# Pro-Mix Time!!



## drfting07 (Feb 9, 2012)

Let the Micro fun begin! Ready to kick off a 2012 outdoor grow with lots of organic goodies. Transplanting outdoors on 4/20. Input please!

Strain line-up: Mandala Satori, GHS Kings Kush & Next Gen. Romulan Diesel

Today i bought two 3.8cf bundles of Pro-Mix BX with Myco, 40 lbs of Mushroom compost and a bag of pelleted Dolomite lime. Im adding a handful for the compost. Anyone have the need to add dolomite to Pro-Mix? Still the recommended 1 cup per cf? This will be my base mix.

Hot Mix is nouvellechef's only change is im going 35/65 hot mix/base mix compared to his recommended 50/50. 15 gallon pots. 

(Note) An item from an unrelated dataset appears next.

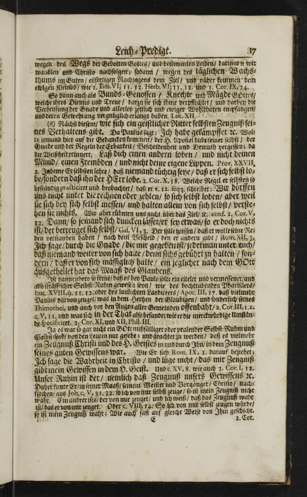 It dannenhero ſo ferne/ daß es bey Paulo ſolte ein eiteler und vermeſſener/ und aſo ſtraͤff icher Selbſi⸗Ruhm geweſen ſeyn/ wie des hochtrabenden Phariſaͤers/ kuc. XVIII,. 1 r. 12/oder des laulichten Laodiceers/ Apoc. III, 17. daß vielmehr Paulus darvonzeuget/ was in dem Hertzen der Glaubigen/ und ſonderlich ſeines Thimothei, und auch vor den Augen aller Gemeinden offenbahr/ 2. Cor. III, 1.2. c. V, 1r. und was ſich in der That alſo befandez wie er die merckwuͤrdige Umſtaͤn⸗

Nutes will be administered via Compost teas:
Dr. Earth Liquid Seaweed
Dr. Earth Kelp Meal
Dr. Earth Organic 5 & Ful-Humix for Veg
Dr. Earth Organic 8 for Bloom
Unsulfered Molasses 
Compost


----------



## nouvellechef (Feb 9, 2012)

Yes on the lime. GL


----------



## drfting07 (Feb 9, 2012)

THX nouvelle!


----------



## drfting07 (Feb 10, 2012)

Looking at the base mix now that everything is amended and ready to go, I think i may buy one or two more bags of Mushroom Compost to add to the mix. This will up the CF as well as add more humus and beneficial micros.


----------



## drfting07 (Feb 13, 2012)

Went out and measured it today and im impressed. I came out with 22x 5 gallon buckets full, and still had soil left. All thats left to do is set 40 gallons to the side and prepare to get my hands dirty. This is for you Nouvelle!


----------



## nouvellechef (Feb 13, 2012)

GL. Make sure to post pics. Good ones!


----------



## drfting07 (Feb 14, 2012)

Will do! Im really looking forward to what the Satori can do outdoors in this super soil. Should be interesting. Ston-loc has a few beans of satori as well, and we will compare the two. Im expecting mine to do very well.


----------



## The Hemp Goddess (Feb 14, 2012)

drfting07 said:
			
		

> Let the Micro fun begin! Ready to kick off a 2012 outdoor grow with lots of organic goodies. Transplanting outdoors on 4/20. Input please!
> 
> Strain line-up: Mandala Satori, GHS Kings Kush & Next Gen. Romulan Diesel
> 
> ...



I thought that nouvellechef's super soil fed the plants through the grow period?  Is this incorrect?


----------



## nouvellechef (Feb 14, 2012)

No


----------



## drfting07 (Feb 14, 2012)

I have a pretty good feeling that the "hot" bottom layer of soil will be used before flowering is finished. The plants will be in veg for nearly 6 months, plus 2-3 months flower. 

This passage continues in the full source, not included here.